● **Task instructions**
Set out exactly every line of the entries below, starting at the line that holds "MUTOH XpertJet 661UF" and stopping after the line that holds "A self-portrait in".

**** Source records ****

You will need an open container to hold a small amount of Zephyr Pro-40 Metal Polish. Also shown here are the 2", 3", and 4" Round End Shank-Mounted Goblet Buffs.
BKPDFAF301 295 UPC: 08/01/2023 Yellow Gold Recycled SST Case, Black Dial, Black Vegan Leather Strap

****
**** Source records ****

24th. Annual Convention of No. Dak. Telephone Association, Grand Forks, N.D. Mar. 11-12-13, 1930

****
**** Source records ****

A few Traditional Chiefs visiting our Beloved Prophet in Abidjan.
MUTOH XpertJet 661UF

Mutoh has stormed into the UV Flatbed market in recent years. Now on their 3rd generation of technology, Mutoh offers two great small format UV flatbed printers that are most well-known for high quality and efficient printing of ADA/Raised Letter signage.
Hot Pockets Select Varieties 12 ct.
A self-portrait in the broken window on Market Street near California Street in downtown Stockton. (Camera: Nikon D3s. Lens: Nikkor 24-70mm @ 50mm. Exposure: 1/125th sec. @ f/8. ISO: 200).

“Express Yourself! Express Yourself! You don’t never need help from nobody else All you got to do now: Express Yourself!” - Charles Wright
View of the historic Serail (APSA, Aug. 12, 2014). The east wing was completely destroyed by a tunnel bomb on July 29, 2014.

****

● **Written reply**
MUTOH XpertJet 661UF

Mutoh has stormed into the UV Flatbed market in recent years. Now on their 3rd generation of technology, Mutoh offers two great small format UV flatbed printers that are most well-known for high quality and efficient printing of ADA/Raised Letter signage.
Hot Pockets Select Varieties 12 ct.
A self-portrait in the broken window on Market Street near California Street in downtown Stockton. (Camera: Nikon D3s. Lens: Nikkor 24-70mm @ 50mm. Exposure: 1/125th sec. @ f/8. ISO: 200).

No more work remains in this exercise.